9. Стройотряд
Работа в стройотряде формально была добровольной. Но по комсомольской линии первокурсники обязаны были отработать так называемый Третий трудовой семестр. Тот, кто по состоянию здоровья не мог работать в стройотряде, должен был отработать в институте – в приемной комиссии или на какой-то другой канцелярской работе. Так, в стройотряд не попали Марина Шухман, а из нашей группы Витя Жулин, Саша Никонов и Толя Парамонов. Работать нужно было все два месяца каникул – июль и август.
Студенты других курсов работали в стройотряде действительно добровольно, стремясь заработать деньги. Впрочем, у третьего курса в июле была ознакомительная практика, а у ребят с четвертого курса в те годы летом были военные сборы. Так что, помимо первокурсников, в стройотряде работали второкурсники и пятикурсники.
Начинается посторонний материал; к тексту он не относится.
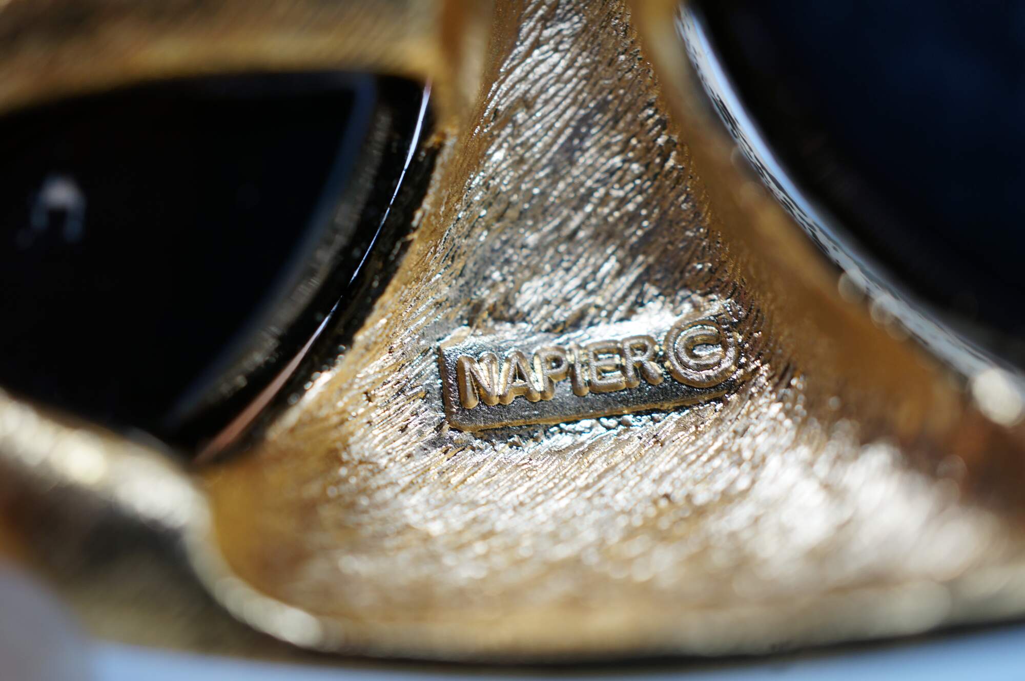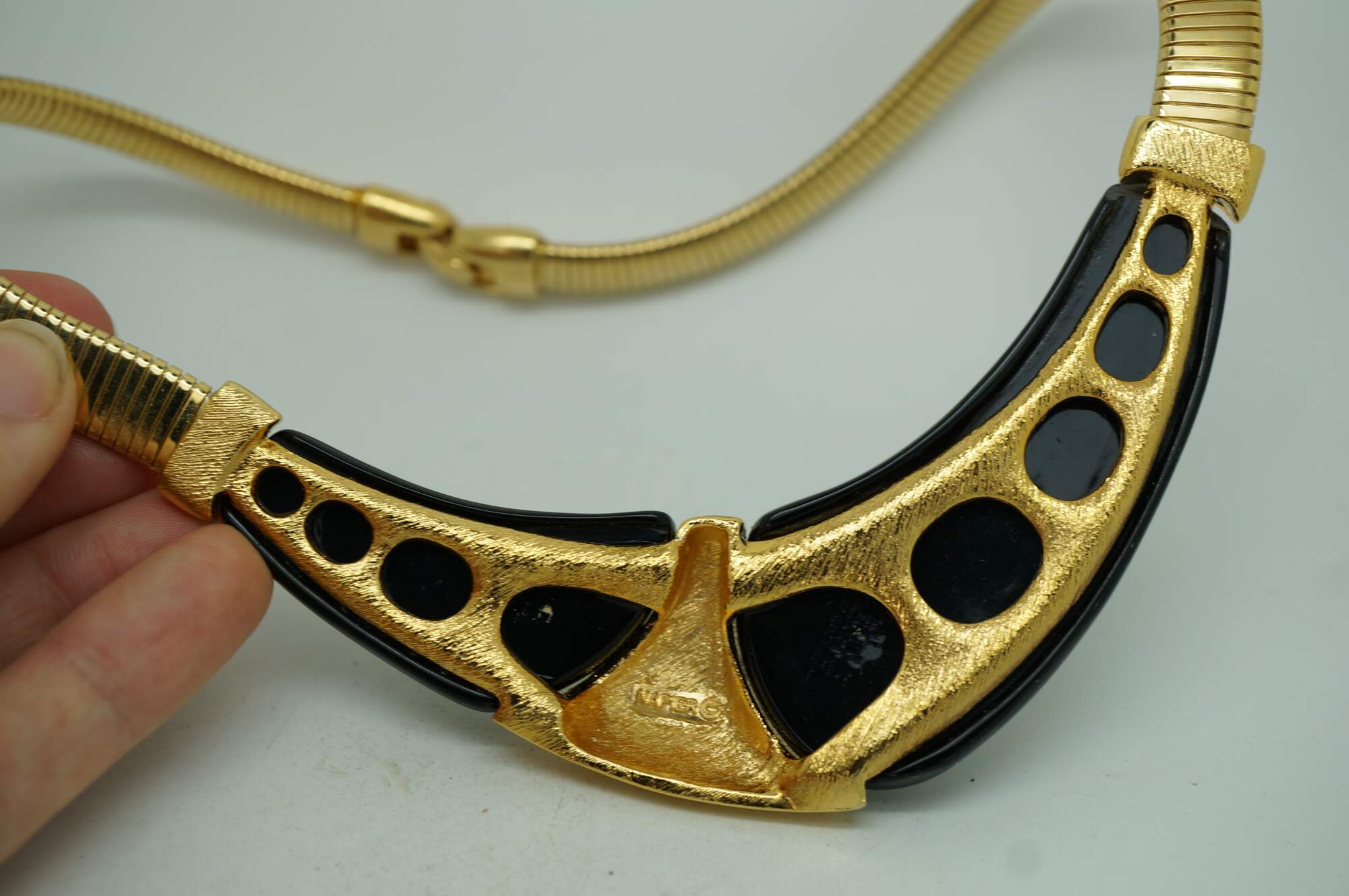 1980's Napier Black & Gold Necklace & Earring Set with Box

Нашему институту (или только нашему факультету) для работы в стройотряде выделили Чеховский район Московской области. Нас разделили, насколько я помню, на шесть отрядов. Группу С-11 направили в Молоди (отряд назывался «Победа»), группы С-12 и С-16 – в Чепелево (совхоз «Чепелевский»), группу С-13 в совхоз «Новый быт», группы С-14 и С-15 – в Васькино, группу С-17 в Шарапово (колхоз «Ленинское знамя»), группы С-18 и С-19) – в Стремилово (колхоз им. XX партсъезда).
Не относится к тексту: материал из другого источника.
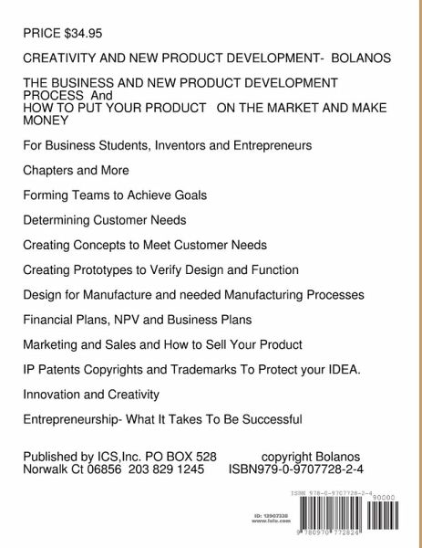 CREATIVITY AND NEW PRODUCT DEVELOPMENT. THE A B C OF THE NEW PRODUCT DEVELOPMENT PROCESS. The 10 chapters includes:Determining customer Needs, Creating Concepts,Making Prototypes, Design for Manufacture,Financial and Business plans, Marketing and Sales, Patents, Copyrights and Trademarks, Innovation and Creativity, and what it takes to be an Entrepreneur. Used for EAS 323 text. Contact the Author at 203 829 1245.

Наш отряд, работавший в колхозе им. XX партсъезда, назывался «Парус» (и отрядной песней был «Парус» Высоцкого). Командиром был пятикурсник Валерий Гришин, и вокруг него собралась команда пятикурсников. Они хотели заработать побольше денег, поэтому стремились избавиться от «слабаков». В первую очередь Гришину как-то удалось избавиться от большинства девочек из С-18 и С-19, которых перебросили в отряд «Победа». По каким-то причинам из нашей группы в отряд попала только Юля Рашба, из С-19 – Ирина Аброськина, Елена Андреева, Елена Волкова и Люба Камардина (Прохорова). При этом Люба работала поваром, еще поварами были две девушки-второкурсницы. Еще была Марина Михайлова из С-12 (у которой почему-то было прозвище «Теща»), так как у нее был роман со второкурсником Сергеем Василенко, работавшим в нашем отряде.
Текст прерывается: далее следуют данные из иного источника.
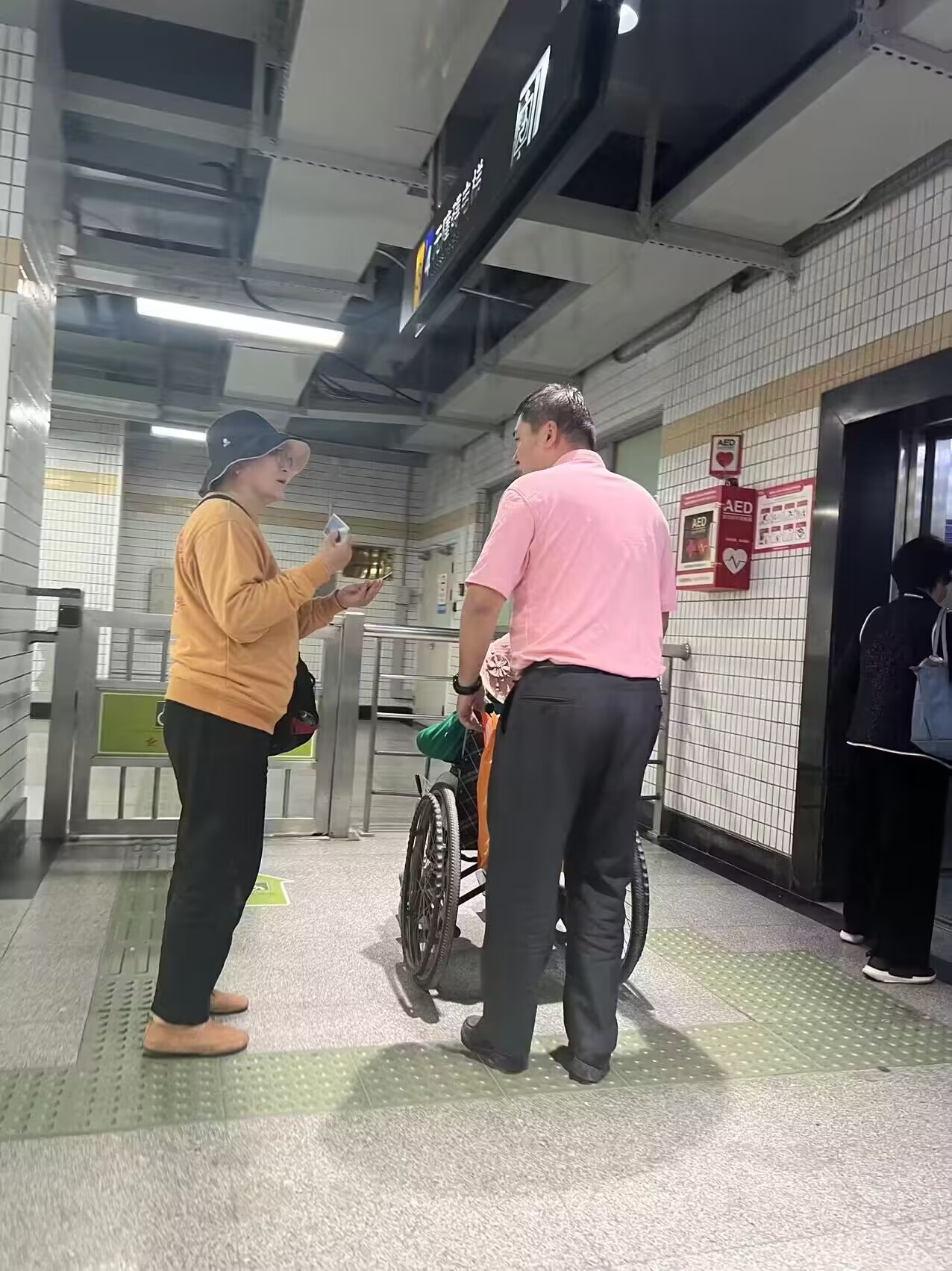 經(jīng)詢問得知,老人的老伴剛離世不久,她深受打擊,神情恍惚才到了扶梯口,而且電動輪椅電量不足,無法支持其安全返程回家。由于老人無子女,現(xiàn)獨自一人居住。得知情況后,劉站長便為老人打了車,同時聯(lián)系到了老人所居住的居委會,請求他們幫助,愛心接力將老人送至家中。老人對劉站長的熱心善舉深表感謝。

Дальше был медосмотр, который проводили двое ребят из С-19, окончивших медучилище, Юра Кукс и Миша Фаркаш. Они, в частности, спрашивали: нет ли аллергии. Володя Шварцберг ответил, что у него аллергия на сульфаниламидные препараты, и ему сказали, что его в стройотряд не берут. Он возмутился, и его все же взяли. Позже один из пятикурсников откровенно говорил, что они готовы были отфутболить любого, кто не хотел работать.
В результате большая часть отряда состояла из пятикурсников и второкурсников. Мастером был парень из какого-то другого вуза. Еще были три шофера, один из них из нашего института (он водил бортовой грузовик, возивший в кузове людей, то есть нас, мы его называли «шарабан»), и еще два парня из МАМИ, водивших самосвалы. Еще были пара мужиков неизвестно откуда. И плюс нам дали «на воспитание» двух «трудных» подростков.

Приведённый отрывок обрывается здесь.